All Products
Search
Document Center

E-MapReduce:Manage the recycle bin feature of Hadoop

Last Updated:Mar 17, 2026

The recycle bin feature protects you from accidental data loss by moving deleted files and directories to a recycle bin directory instead of permanently removing them. You can restore data at any time before it is cleared from the recycle bin.

Background information

The recycle bin feature is implemented through client-side encapsulation of the Hadoop FileSystem API by Hadoop Shell or specific services such as Hive. When the recycle bin feature is enabled, Hadoop Shell calls the rename operation of FileSystem to move deleted files or directories to the /user/<username>/.Trash/Current directory. When the recycle bin feature is disabled, Hadoop Shell calls the delete operation of FileSystem to permanently remove the files or directories.

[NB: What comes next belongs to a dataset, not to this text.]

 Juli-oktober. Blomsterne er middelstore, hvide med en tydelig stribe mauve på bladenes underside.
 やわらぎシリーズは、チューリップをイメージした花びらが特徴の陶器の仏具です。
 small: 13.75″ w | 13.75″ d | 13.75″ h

The following figure shows the workflow of the recycle bin feature when the hadoop fs -rm command is used. trash

Enable the recycle bin feature

To enable the recycle bin feature, set the fs.trash.interval parameter to a value greater than 0. When enabled, files and directories deleted from HDFS, Object Storage Service (OSS), OSS-HDFS, or JindoFS are moved to the recycle bin directory instead of being permanently deleted.

Disable the recycle bin feature

Warning If you disable the recycle bin feature, you cannot restore files or directories after running the hadoop fs -rm command. We recommend that you keep the recycle bin feature enabled.

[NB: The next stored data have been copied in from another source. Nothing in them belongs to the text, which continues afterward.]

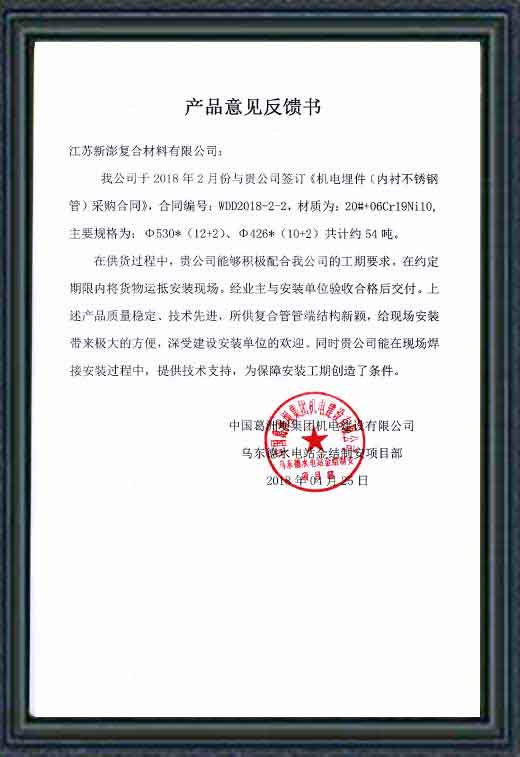 臨江市引泉入城項目,管道總長108公里、被稱為全球最長距離天然礦泉水輸送工程,輸送壓力4MPa;我司提供DN700內襯不銹鋼螺旋焊管及配套管件,供貨總量超過30公里(供貨時間2016)。
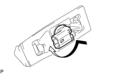 (b) Turn the license plate light bulb and the license plate light socket in the direction indicated by the arrow and install them as a unit.
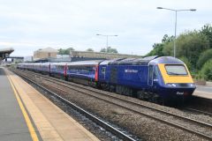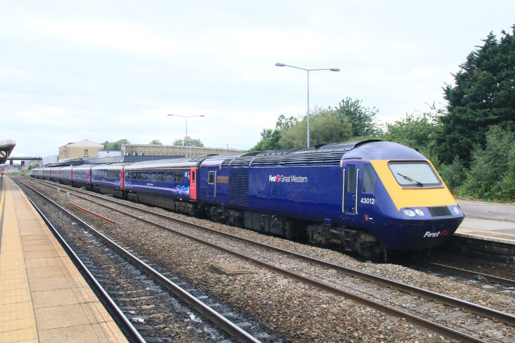 GWR HST with Power Car No.43027 in '90 Glorious Years' livery seen at Swindon on 26th July 2016 with...
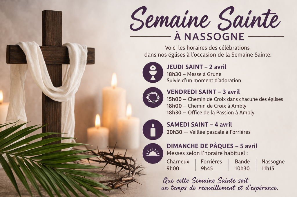 À l’approche de Pâques, plusieurs habitants nous ont demandé les horaires des célébrations de la Semaine Sainte dans l’entité de Nassogne. Voici les informations communiquées afin de permettre à chacun de s’organiser.
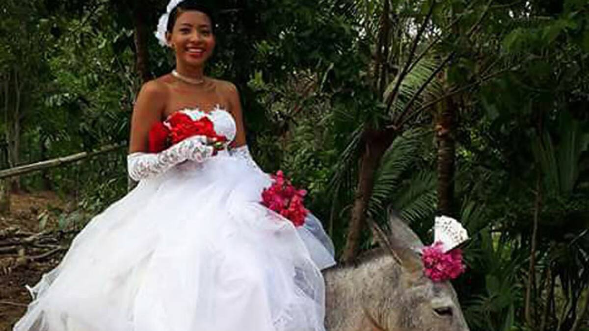 La imagen de una mujer vestida de novia y montada en un burro se ha hecho viral en redes sociales.
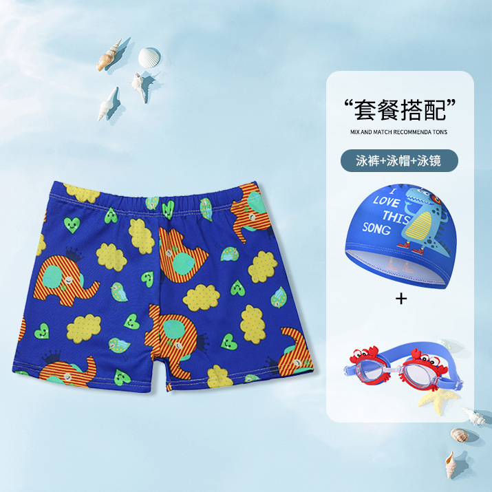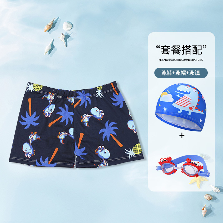 • 남색바닥공룡-36 [수영팬츠+수영모+수영고글]
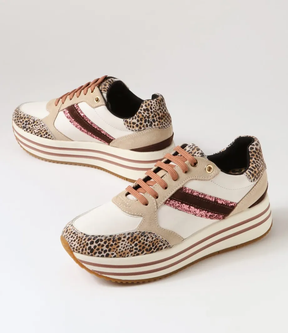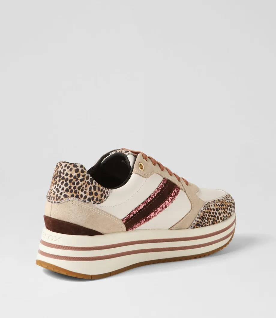 D Kency Off White Light Taupe Leather Suede Sneakers<GEOX Outlet
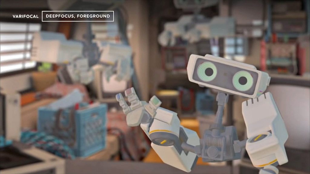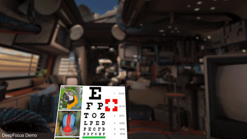 Здесь на сцене появляются варифокальные дисплеи и отслеживание глаз: первая технология имитирует разноудалённость объектов аппаратно, а вторая помогает на программном уровне. По сути, это позволяют сосредоточиться на объектах независимо от их виртуального расстояния от вас, что делает общие ощущения более комфортными и захватывающими. Но в этом пазле не хватает фрагмента — способности очков воспроизводить размытое, расфокусированное изображение. В дело вступает DeepFocus.
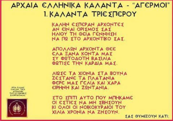 Πίσω από τα κάλαντα κρύβεται ένα αρχαίο Ελληνικό έθιμο με το όνομα Ειρεσιώνη, που αναφέρεται ήδη από τον Όμηρο, ο οποίος ευρισκόμενος στην Σάμο, σκάρωσε διάφορα τραγούδια τα οποία μαζί με μια ομάδα παιδιών τα τραγουδούσαν στα σπίτια των πλουσίων ευχόμενοι πλούτο, χαρά και ειρήνη. Συμβόλιζε την ευφορία και γονιμότητα της γης και εορτάζονταν δυο φορές το χρόνο, μια την άνοιξη με σκοπό την παράκληση των ανθρώπων προς τους θεούς κυρίως του Απόλλωνος-ήλιου και των Ωρών για προστασία της σποράς και μια το φθινόπωρο, για να τους ευχαριστήσουν για την συγκομιδή των καρπών. Ταυτόχρονα με τις ευχαριστίες προς τους θεούς, έδιναν ευχές και στους συνανθρώπους.
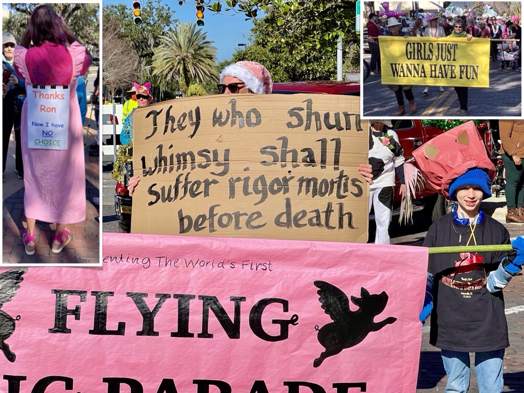The first annual Flying Pigs Parade had it all. Guys dressed like girls. Girls seeking fun. Dancers and chanters and cloggers and hummers oh my! More liberal causes than you could shake a shocked Republican at.
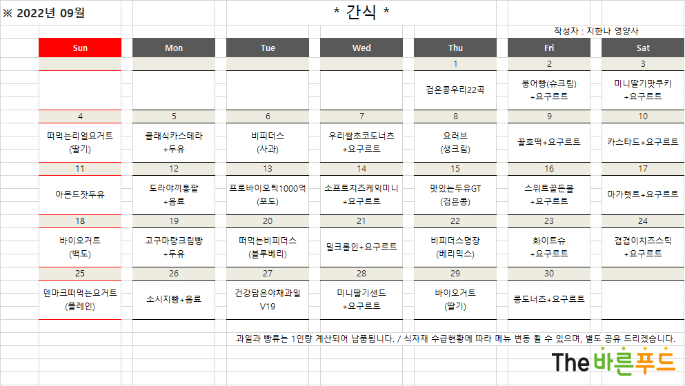 9월 간식표입니다. 페이지 정보 작성자 최고관리자 작성일 22-08-30 17:51 조회 363회 댓글 0건 본문 *** 9월 맛있는 간식메뉴입니다~ *^^*이미지를 클릭하시면 크고 자세하게 확인이 가능합니다^^ 이전글2022년 10월 식단표 입니다 *^^* 다음글9/25 ~ 9/30 식단표입니다. 목록 댓글목록 0 댓글목록 등록된 댓글이 없습니다.
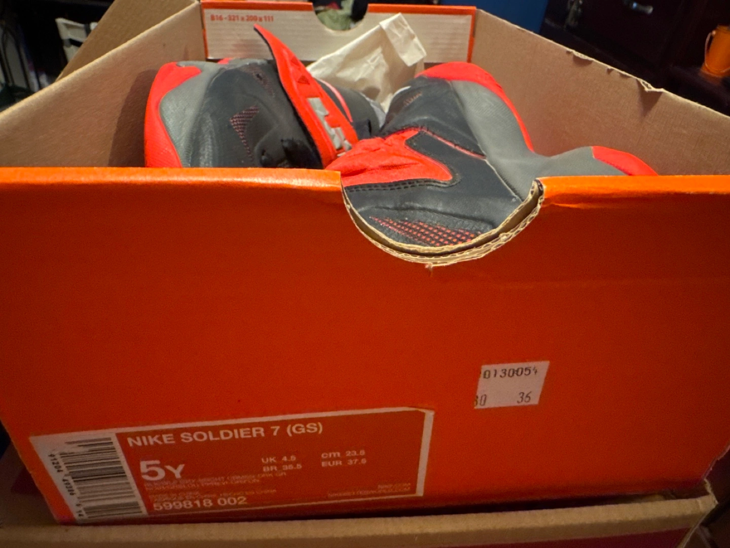Nike Soldier 7 GS basketball shoes. Size 5Y. Black, red, and grey colour scheme. In original box.
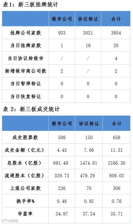 昨日三板共计658只股票成交,总成交额达11.5亿,其中做市公司成交4.45亿、协议转让公司成交达7.06亿元。

To disable the recycle bin feature, set the fs.trash.interval parameter to 0. For HDFS, this configuration takes effect only after you restart the NameNode component of HDFS.

Access a recycle bin directory

The default recycle bin directory path is /user/<username>/.Trash/Current. To access the recycle bin directory for a specific storage type, use the appropriate path prefix. Examples: hdfs://hdfs-cluster/user/<username>/.Trash/Current and oss://bucket/user/<username>/.Trash/Current.

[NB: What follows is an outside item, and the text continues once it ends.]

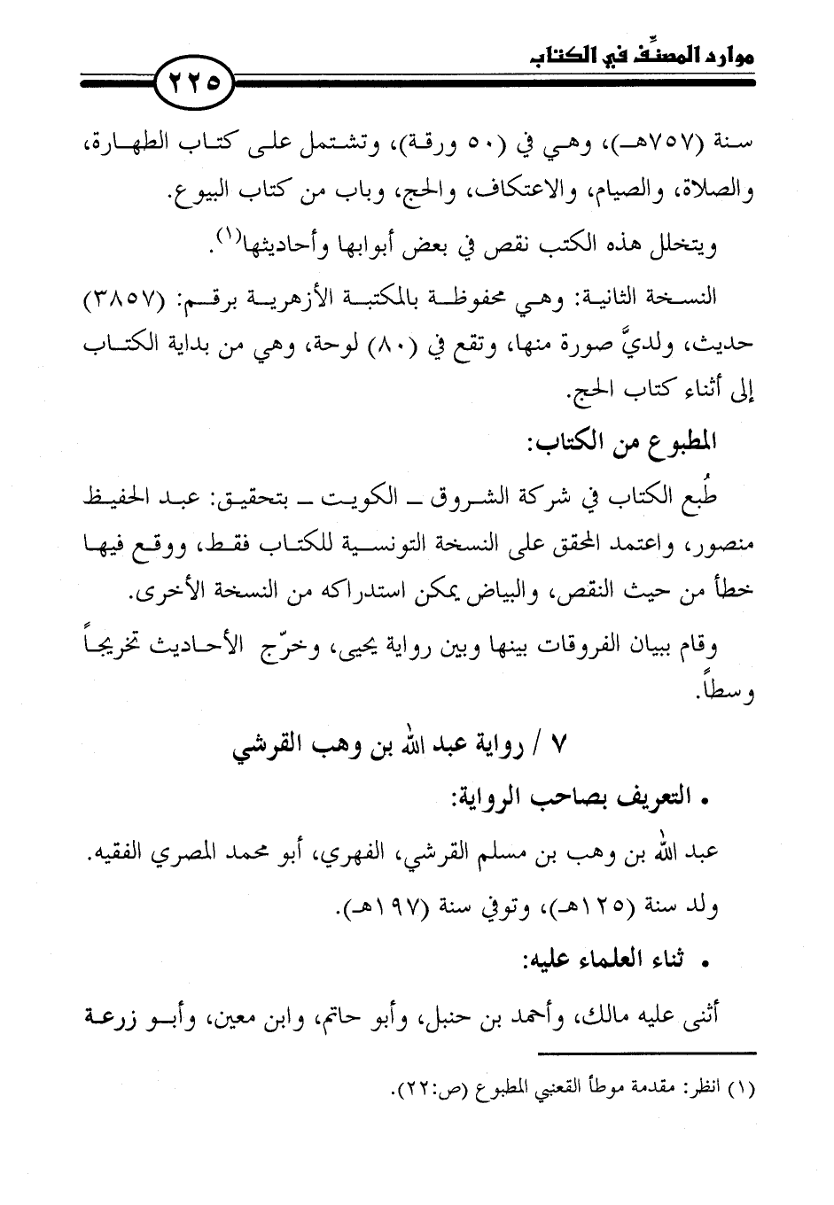 (١) انظر: مقدمة موطأ القعنبي المطبوع (ص: ٢٢).

Clear data in a recycle bin directory

E-MapReduce (EMR) supports data storage in HDFS, OSS-HDFS, OSS, and JindoFS in block storage mode (jfs://). The rules for clearing checkpoint data from recycle bin directories differ by storage type:
  • HDFS: By default, EMR clears data stored in the recycle bin directory of HDFS after 1 day (1,440 minutes). You can configure the fs.trash.interval parameter to specify the retention period in minutes.
  • OSS-HDFS: The EMR server clears data stored in the recycle bin directory of OSS-HDFS after seven days. This time period is fixed and cannot be configured. We recommend that you monitor and manage the recycle bin directory regularly to prevent retained data from consuming additional storage space.
  • OSS: EMR cannot automatically clear data stored in the recycle bin directory of OSS. To clear the data, configure a lifecycle rule for the recycle bin directory. For more information about how to configure lifecycle rules, see Lifecycle rules based on the last modified time.
  • JindoFS in block storage mode: You must manually clear data stored in the recycle bin directory of JindoFS in block storage mode.